L’arbre à songes nous emmène aussi dans l’intimité d’un couple. Mais ici, pas de drame. Une vie simple, un jardin, un superbe hêtre pourpre “et tout l’amour que l’on a pour les choses éphémères, fragiles et rares”. On dit à tort que les gens heureux n’ont pas d’histoire. Aurelia Jane Lee prouve le contraire avec une délicatesse rare, dépourvue de toute mièvrerie.

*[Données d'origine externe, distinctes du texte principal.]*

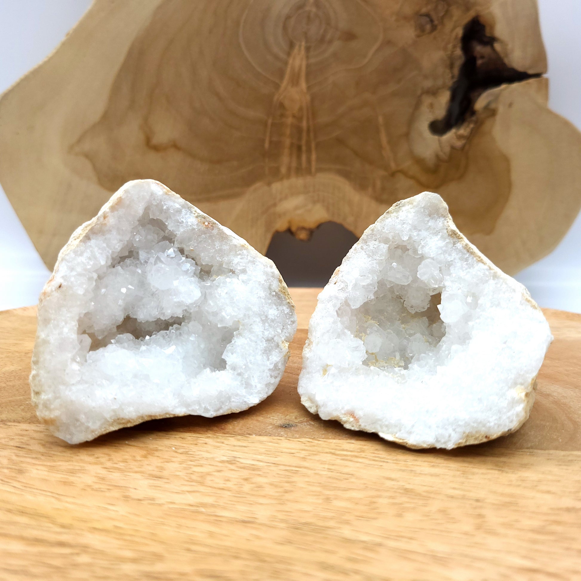Chacune possède des cristaux des 2 cotés, avec des facettes, un jeu de transparences et nuances blanches, avec des cristaux irréguliers, ce qui lui confère toute sa splendeur. Vendues à l’unité (en lot de 2 parties), à choisir parmi les différentes géodes et tailles proposées ici.

A la Songeraie vit un couple. Abel est écrivain. Il regarde vivre la femme qu’il aime, Sauvane, sa femme. “Il y a des gens qui habitent ici, un homme et une femme. Lui, il ne sort jamais, et elle, elle est folle” disent les gens du village. Abel, c’est vrai, ne sort jamais – on apprendra pourquoi, mine de rien mais de manière décisive, dans les dernières pages du roman. Mais Sauvane n’a rien d’une folle. Artiste, elle s’en va quelquefois présenter un album, “heureuse de s’en aller, heureuse de revenir”. Bien sûr, tout n’est pas lisse.

Les gens heureux ont également des blessures. Seulement, ils savent les panser. Le jardin de la Songeraie accueille des passagers clandestins: Thomas qui aime parler avec les vieux, Madelon qui s’enchante de romans. Les saisons s’enchaînent et les adolescents, eux aussi, vont s’aimer. Littérature ou réalité? “Tout se mélange”. Ce joli roman vibrant réconcilie avec le temps qui passe, invite à vivre chaque instant du temps qui reste.